Se a palavra Gucci ao ser dita soa como algo doce, mas, carrega uma maldição simultaneamente como diz Patrizia Reggiani, dois momentos podem ser considerados simbólicos desta definição: o primeiro está na transformação do olhar de Patrizia ao ouvir o sobrenome vindo da boca de Maurizio (Adam Driver) no momento em que os dois se conhecem, enquanto o segundo surge rápida e premonitoriamente quando ela xinga o agora marido de cretino. 

Não à toa que a estrela destes momentos seja justamente a grande razão de ser de “Casa Gucci”, suspense dirigido por Ridley Scott sobre a transformação do comando da grife italiana e do assassinato de Maurizio Gucci no dia 27 de março de 1995 a mando da ex-esposa Patrizia. Lady Gaga domina as atenções naturalmente desde a sequência de abertura ao desfilar elegantemente por um terreno empoeirado para deleite dos funcionários do pai até o desespero de ver todos os sonhos de grandeza ruírem já na reta final.  

Se Patrizia se vê comparada a todo momento a Elizabeth Taylor, Gaga utiliza a estrela de “Quem tem Medo de Virgínia Woolf?” como referência não apenas nos figurinos exuberantes e no penteado volumoso, mas, também no domínio de cena absoluto, o que torna tudo a seu redor praticamente irrelevante. Por isso, os primeiros 40 minutos de “Casa Gucci” concentrados na alpinista social com aura de adorável vilã novelesca de sotaque carregadissímo passam rápido e dão indícios de que estamos diante do melhor filme de Ridley Scott desde “Gladiador”. 

“Casa Gucci”, entretanto, tem mais 110 minutos e aí os problemas começam… 

DISFARÇANDO AS EVIDÊNCIAS 

A partir do romance escrito por Sara Gay Forden, a dupla de roteiristas Becky Johnston e Roberto Bentivegna demonstra uma clara dificuldade de estabelecer o real foco de “Casa Gucci”. Será um filme sobre Patrizia Reggiani? As motivações da decisão dela em mandar matar o marido? Ou seria a transformação de Maurizio de um sujeito desinteressado nos negócios da família para uma figura discretamente ambiciosa? Uma alegoria sobre pessoas patéticas e geniais ao mesmo tempo? A trajetória da marca Gucci de empresa familiar para capital aberto com potência atual? 

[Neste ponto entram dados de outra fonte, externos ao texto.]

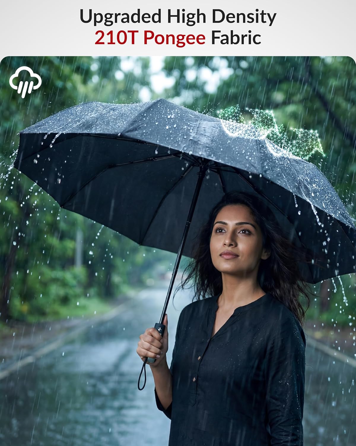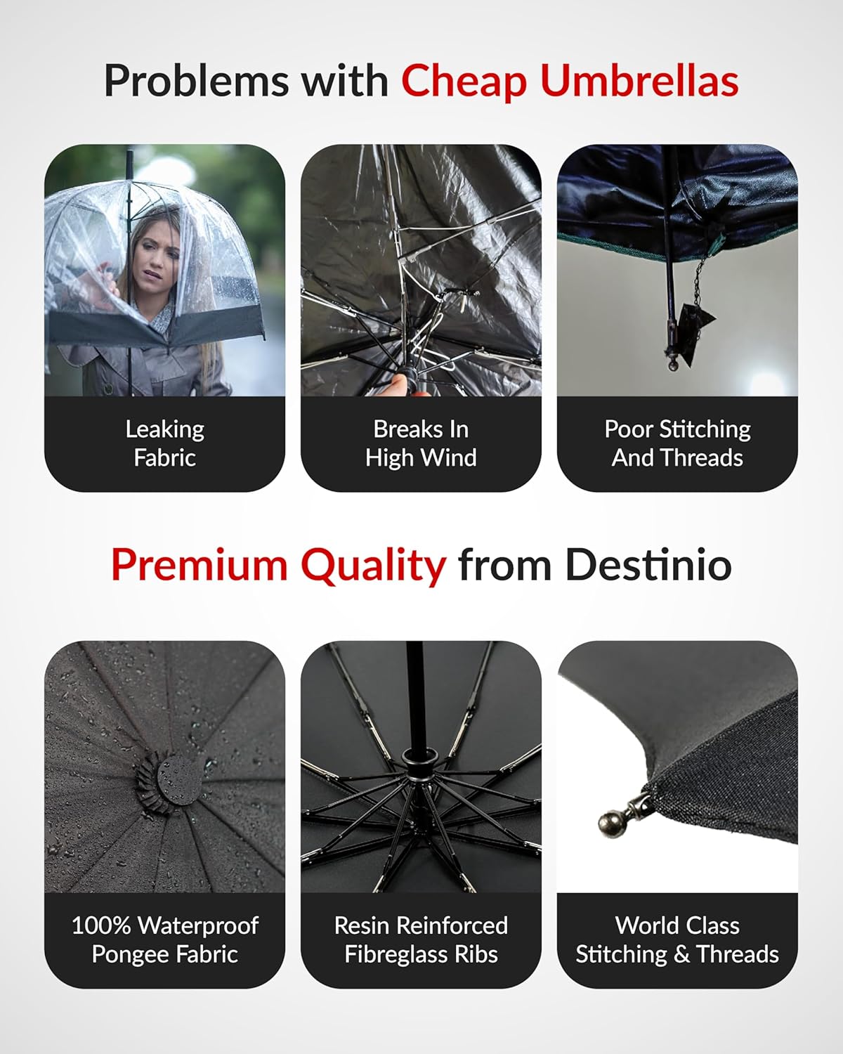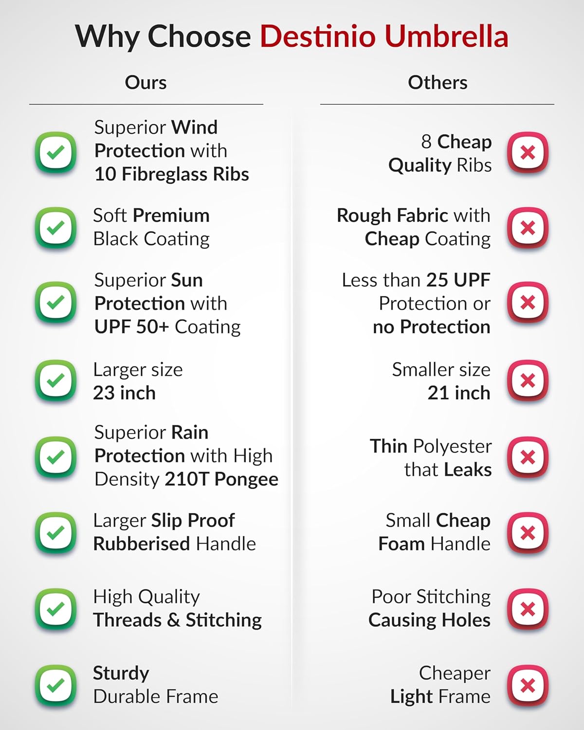 Destinio Umbrella for Man – Large Size, Fully Automatic, Windproof Fibreglass Ribs, UPF 50+ Sun Protection, Premium 210T Pongee, Foldable Umbrella for Rain with Travel Cover for Men and Women – 3 fold Compact Easy to Carry (Auto open auto close)
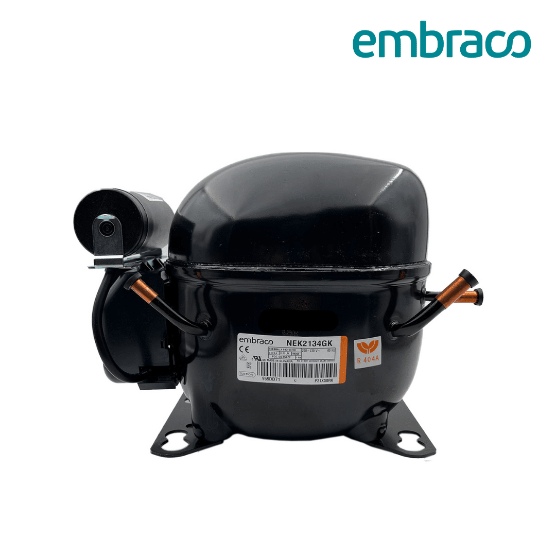Compresor fraccionario Embraco modelo NEK2134GK de 1/2 HP, diseñado para operar con refrigerante R-404A en aplicaciones de baja presión (LBP). Ofrece alto rendimiento, gran capacidad de refrigeración y confiabilidad en trabajos continuos, siendo ideal para congeladores comerciales, vitrinas y equipos de refrigeración industrial ligera.

“Casa Gucci” tenta ser isso e mais um pouco sem alcançar absolutamente nada no frigir dos ovos. Todas as tramas e subtramas vêm e vão sem maior aprofundamento – do encontro entre Patrizia e Pina Auriemma (Salma Hayek) ao próprio plano da personagem de Gaga para tirar do caminho Aldo (Al Pacino) e Paolo (Jared Leto) tudo fica na superfície. A direção de Scott tenta disfarçar estes vazios caprichando na escolha da trilha entre o clássico e o pop de hits de George Michael, Blondie, Donna Summer e New Order, além, claro, de tudo o que poderia ser oferecido de direção de arte, figurino, penteados e maquiagem primorosos.  

Jared Leto aposta em uma atuação bem Oscar bait em “Casa Gucci”.

 

Por falar em maquiagem, triste ver Jared Leto no momento mais vergonha alheia de 2021. Ok a proposta ser mostrar como o poder, luxo e riqueza em excesso tiram as pessoas da realidade, porém, a atuação do ganhador do Oscar chega no nível constrangedor ao transformar Paolo em um sujeito abaixo do ridículo. A reação às duras palavras do tio Rodolfo (Jeremy Irons) e a passagem no estacionamento dispensam qualquer comentário. Irons e Al Pacino sofrem com personagens inseridos e retirados da trama quase que aleatoriamente, sendo relevantes graças ao talento dos dois. Por fim, Adam Driver teria tudo para ter a atuação de uma vida não fosse a inconsistência dos rumos de “Casa Gucci”, impedindo a total dimensão da transformação vivida por Maurizio. 

A comparação feita por um crítico internacional de que “Casa Gucci” seria um “O Poderoso Chefão” do mundo da moda não chega a ser de todo equivocada, afinal, igual a obra-prima vencedora de 8 Oscars, o suspense oferece uma história principal cercada de tantas outras subtramas ricas e acompanhadas de potenciais ótimos personagens. Porém, diferente de Coppola, Scott não consegue mais ser o cineasta de outrora capaz de conectar estes diversos pontos, restando o apelo visual e suas grandes estrelas para salvar seus projetos. Sorte dele ter Lady Gaga, uma estrela magnetizante (quase) capaz de encobrir todas as decepções de um projeto promissor.